Gli AC/DC tornano con Black in Ice

Avranno anche qualche ruga in più e la pelle non distesissima come ai vecchi tempi, ma gli AC/DC restano sempre carismatici ed il loro sound sperimentale affascina ancora, anche le generazioni di oggi.

A distanza di otto anni dall’ultimo lavoro discografico, i figli musicali del periodo anni settanta/ ottanta tornano con un freschissimo e energico album dalle linee inconfondibili, tipiche di uno stile senza eguali.

Molti li hanno definiti come i pionieri del punk rock, altri li hanno inseriti nella categoria dell’heavy metal ed altri ancora li hanno promossi come satanisti di nuova generazione, per via della stridula sonorità di chitarre e corde vocali; ma gli AC/DC amano semplicemente definirsi una band rock.

Il nuovo album degli AC/DC, dal titolo Black in Ice, è in arrivo e la trepidante attesa dei fans si concluderà a breve: è il 17 ottobre la data prevista per il lancio sul mercato del loro ultimo lavoro che, dal 28 agosto, è possibile assaporare con la track di lancio dal titolo Rock ‘ n Roll train.

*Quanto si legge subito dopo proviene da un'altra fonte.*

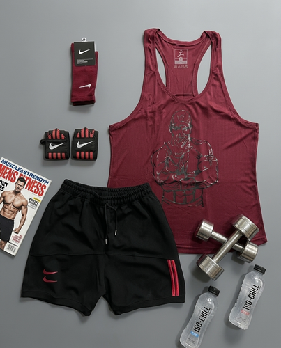 پکیج کد E1920 شامل رکابی قهرمانی + شلوارک + جوراب ساقدار + مچ بند چسب نانو با تم مشکی زرشکی🔥🖤
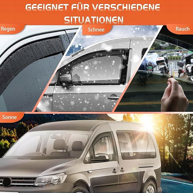 - Umożliwia przenikanie świeżego powietrza i redukuje szum wiatru. Owiewki do Volkswagena Caddy są aerodynamicznie zaprojektowane w 3D, aby zmniejszyć hałas wiatru. Jednocześnie kierują przepływ powietrza, dzięki czemu wnętrze pojazdu pozostaje wolne od dymu, stęchłego powietrza i zaparowanych szyb. Odprowadzają również deszcz z dala od okna, podczas gdy świeże powietrze może nadal przepływać
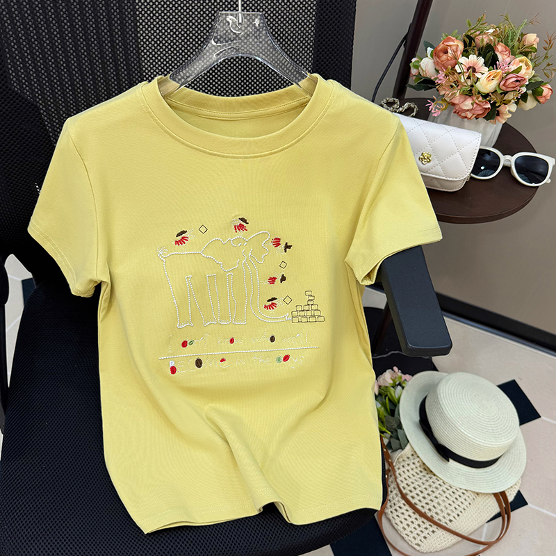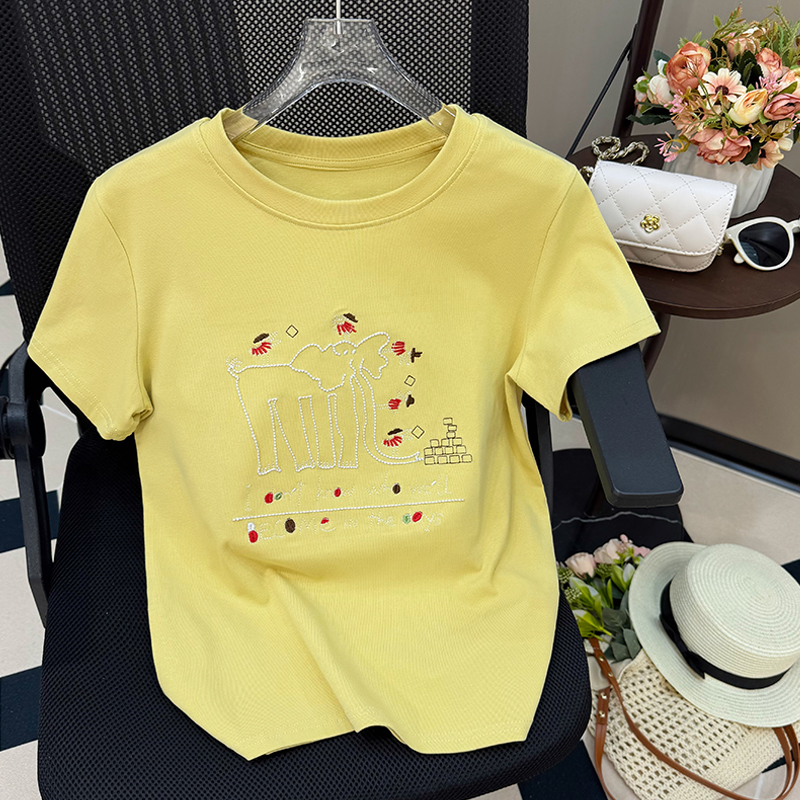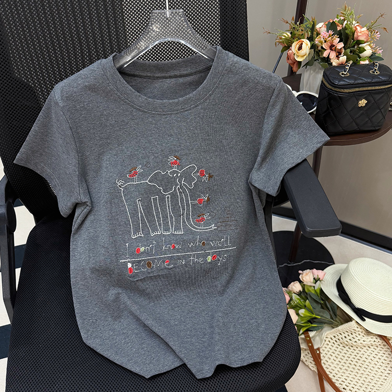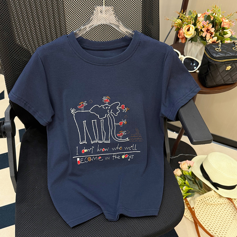 BY13503# 刺绣小象T恤女夏正肩短袖超火爆款正肩半袖韩版休闲上衣 服裝批發女裝批發服飾貨源
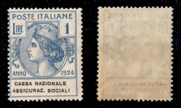 1924 - 1 lira Assicuraz. Sociali (29) - gomma integra (275)
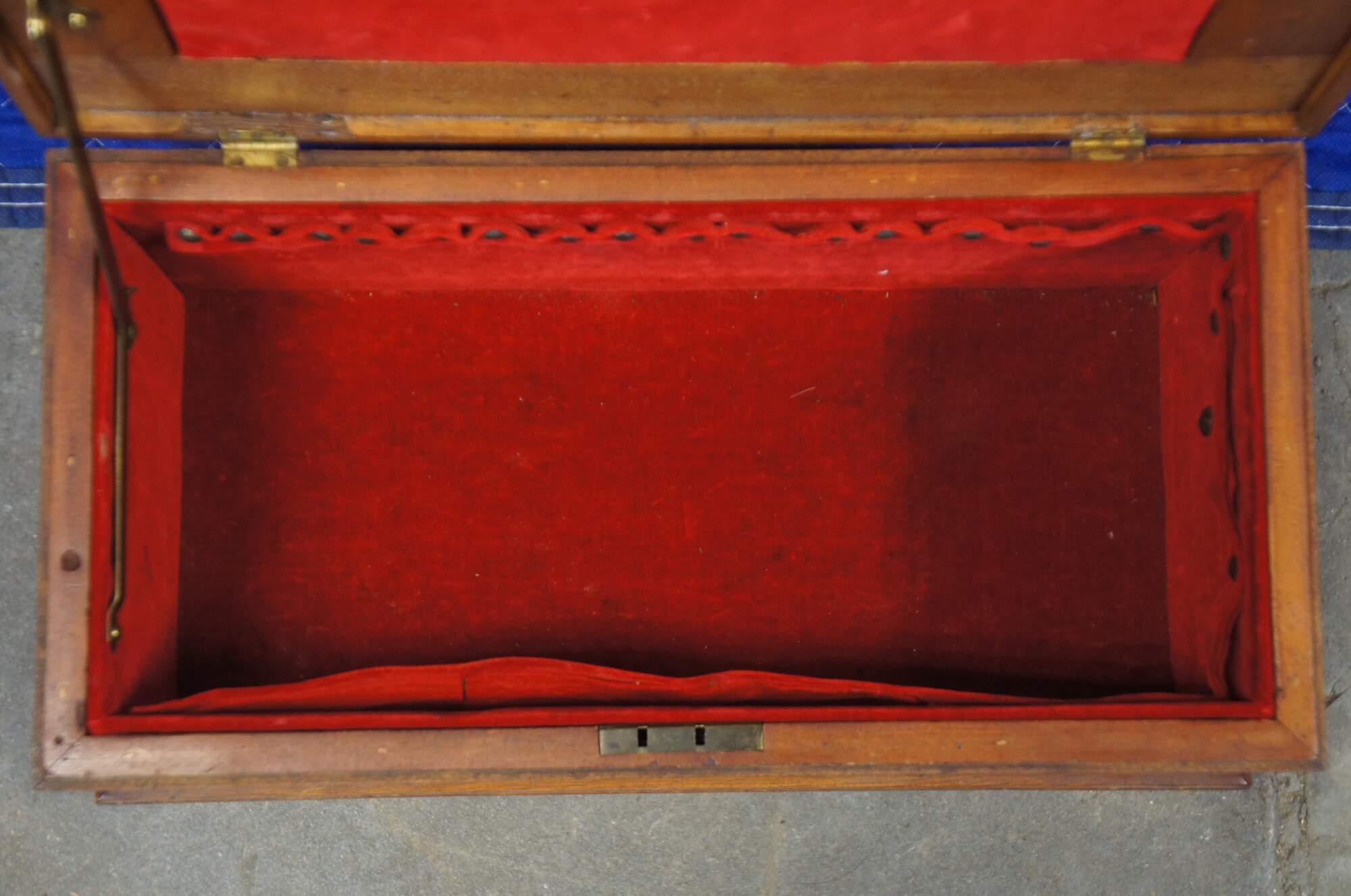 Antique red velvet lined carved and reticulated oak jewelry keepsake box or chest with handle on top and lock on the front.
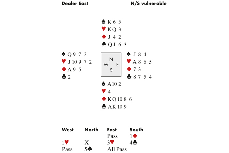 West led the ♥J to the King and Ace, and when East returned one, declarer threw a Spade from hand and won in dummy. After two rounds of trumps, things slowed down considerably; clearly he could not draw all the trumps, or the defence would take a lot of Hearts when they won the Ace of Diamonds. Instead, he tried to knock out the Ace of Diamonds immediately. David Kendrick ducked the first one, but won the second and gave his partner a ruff for one down.
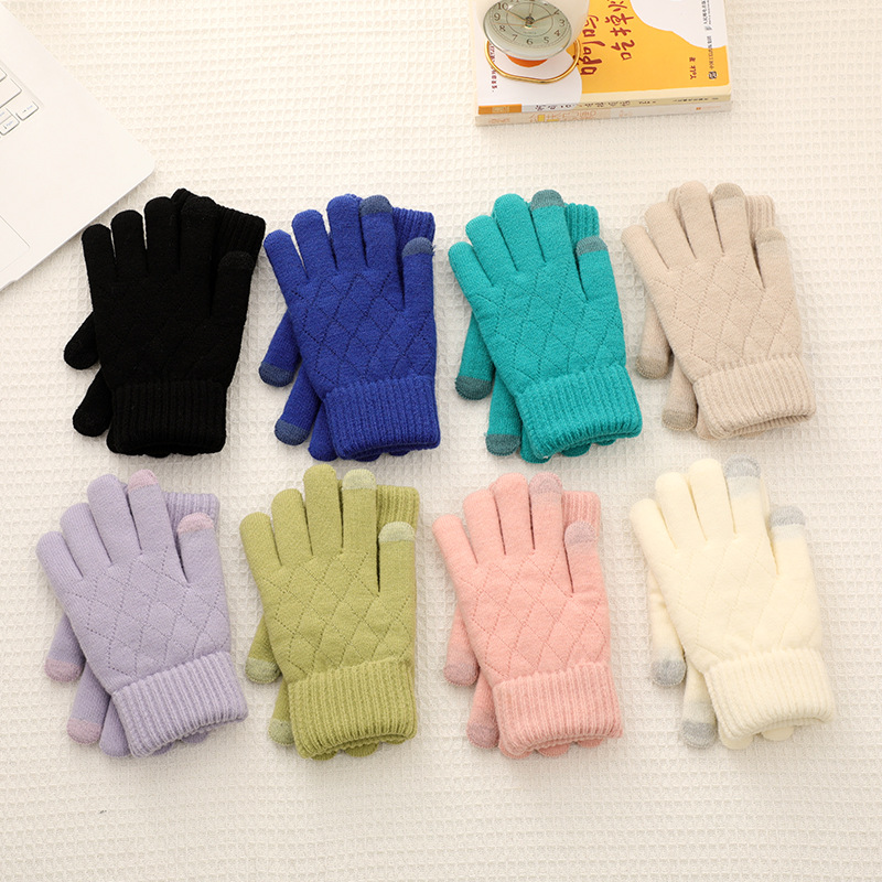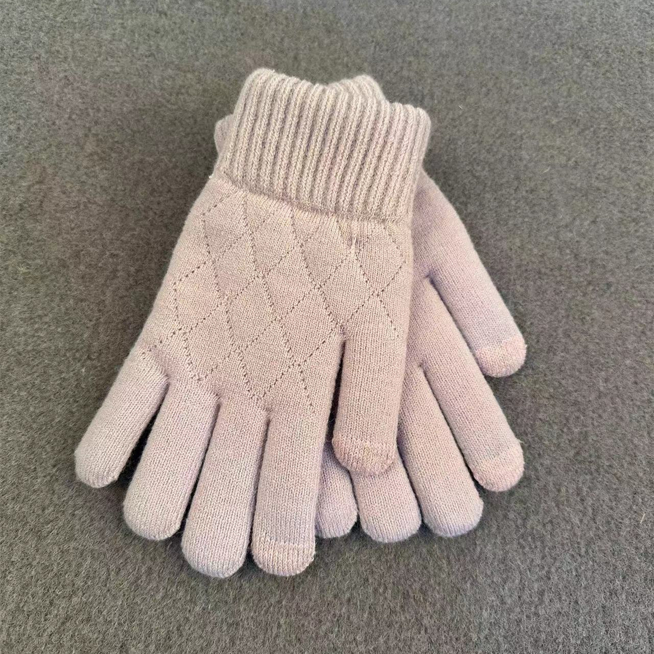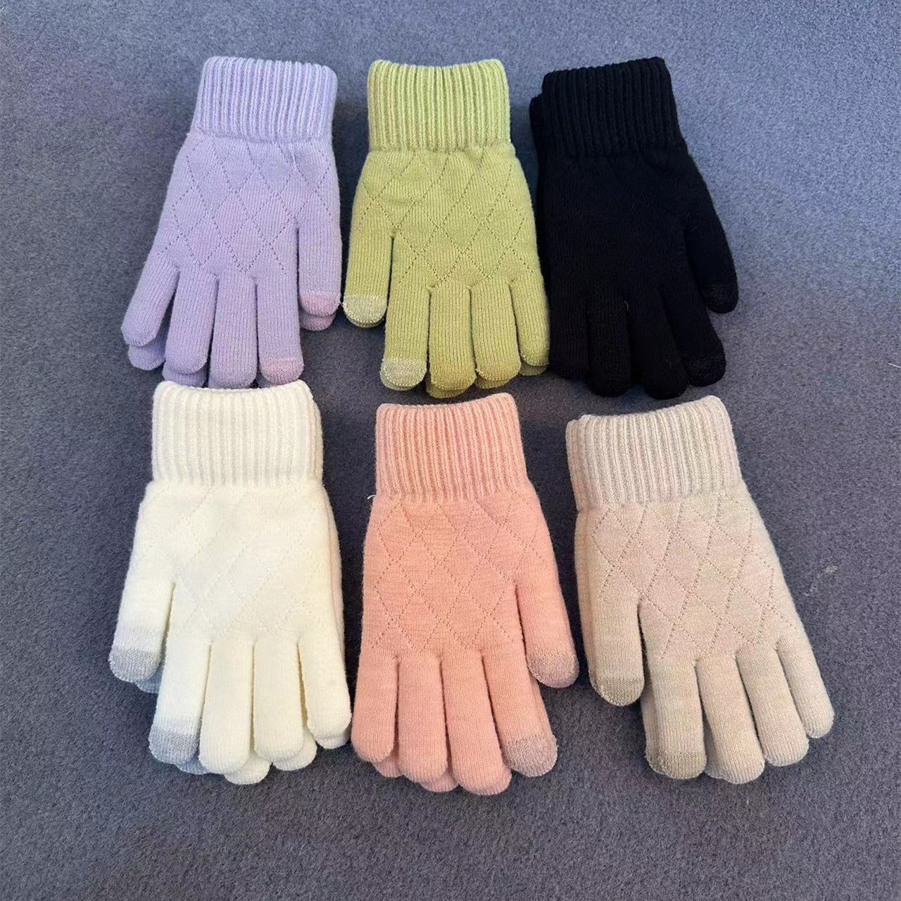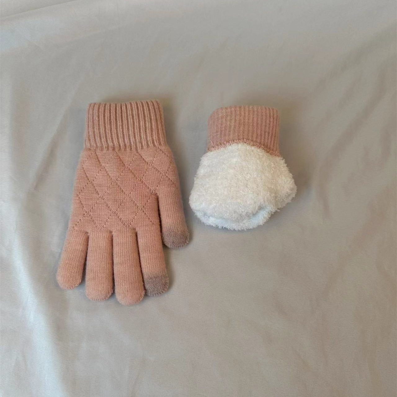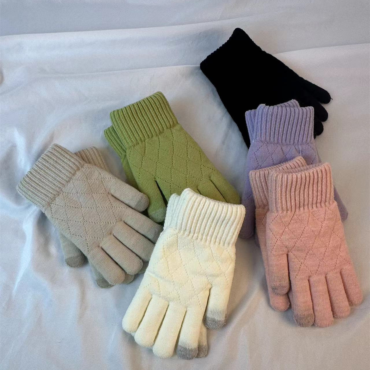 겨울 따뜻한 플러스 벨벳 두꺼운 더블 레이어 자카드 중공 다이아몬드 격자 무늬 솔리드 컬러 유행 여성을위한 한국 스타일 니트 양모 장갑
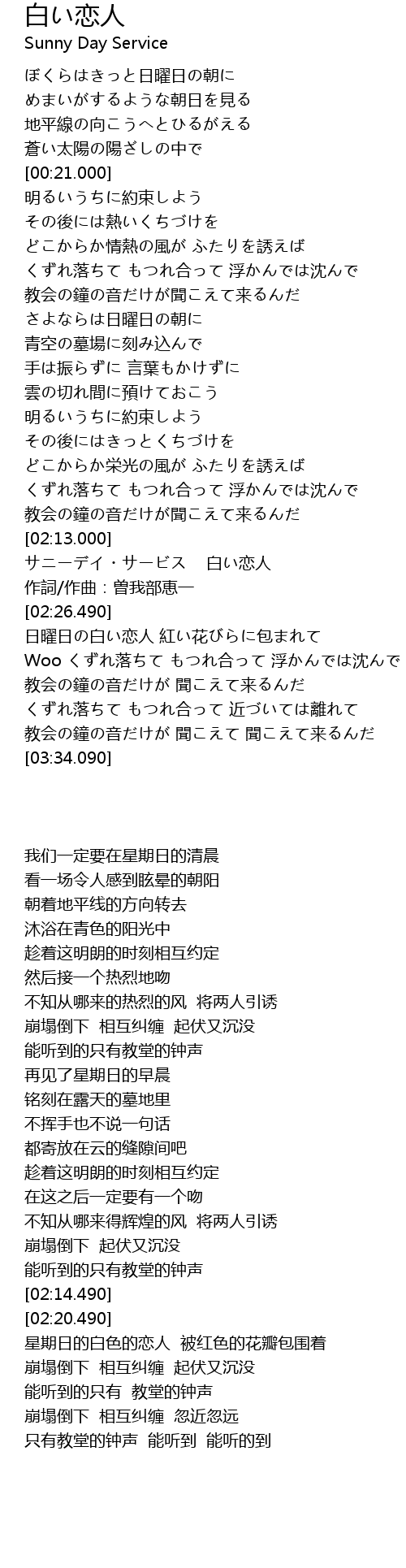 | [02:34.490] | 日曜日の白い恋人 紅い花びらに包まれて |
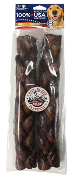 Pet Factory Premium Flavored Beefhide Braid, Beef Pot Roast Flavored
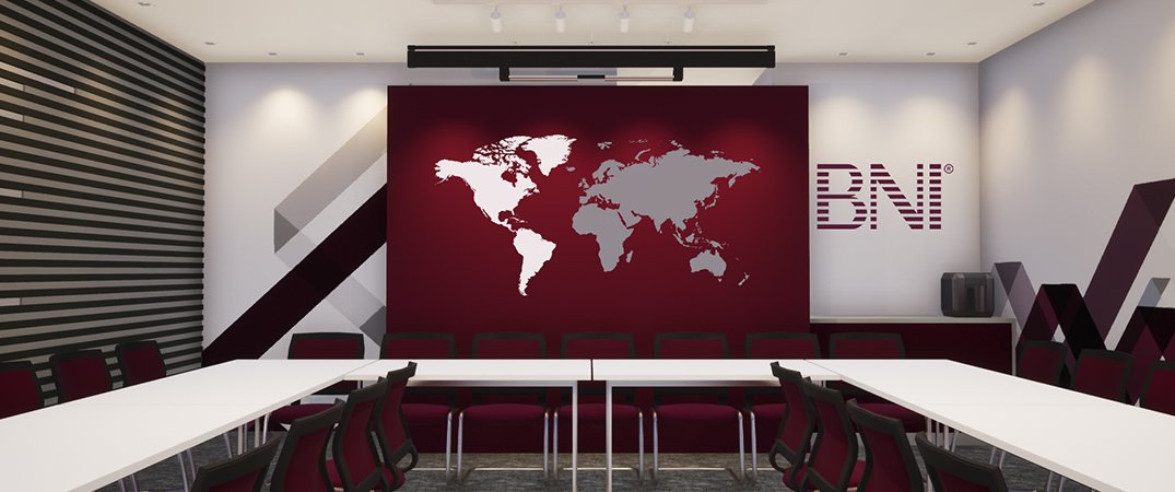 Projeto de criação de identidade para sala de eventos e reuniões destinadas ao grupo de Networking BNI em Maringá - Pr.

Le sonorità sono inconfondibili ed inimitabili:
la batteria schioppettate e mai assente di Phil Rudd, le immancabili chitarre stridule di Angus e Malcom Young, e che dire dell’ ineffabile potenza vocale di Brian Johnson (frontman del gruppo dal 1980, anno della morte dell’ex cantante Bon Scott).

Il nuovo disco in uscita, è stato registrato al Warehouse Studio di Vancouver ed ha ricevuto l’onore di essere supervisionato da Brendan O’Brien, già produttore dei Pearl Jam, Bob Dylan, Aereosmith e tanti altri grandi artisti.

Sarà possibile assaporare lo “stridulo sound stradaiolo” dei AC/DC anche grazie all’ imminente pubblicazione del dvd No Bull: The Director’s Cut che offrirà la testimonianza dell’esibizione della band nel concerto del 1996 alla Plaza de Toros de Las Ventas di Madrid.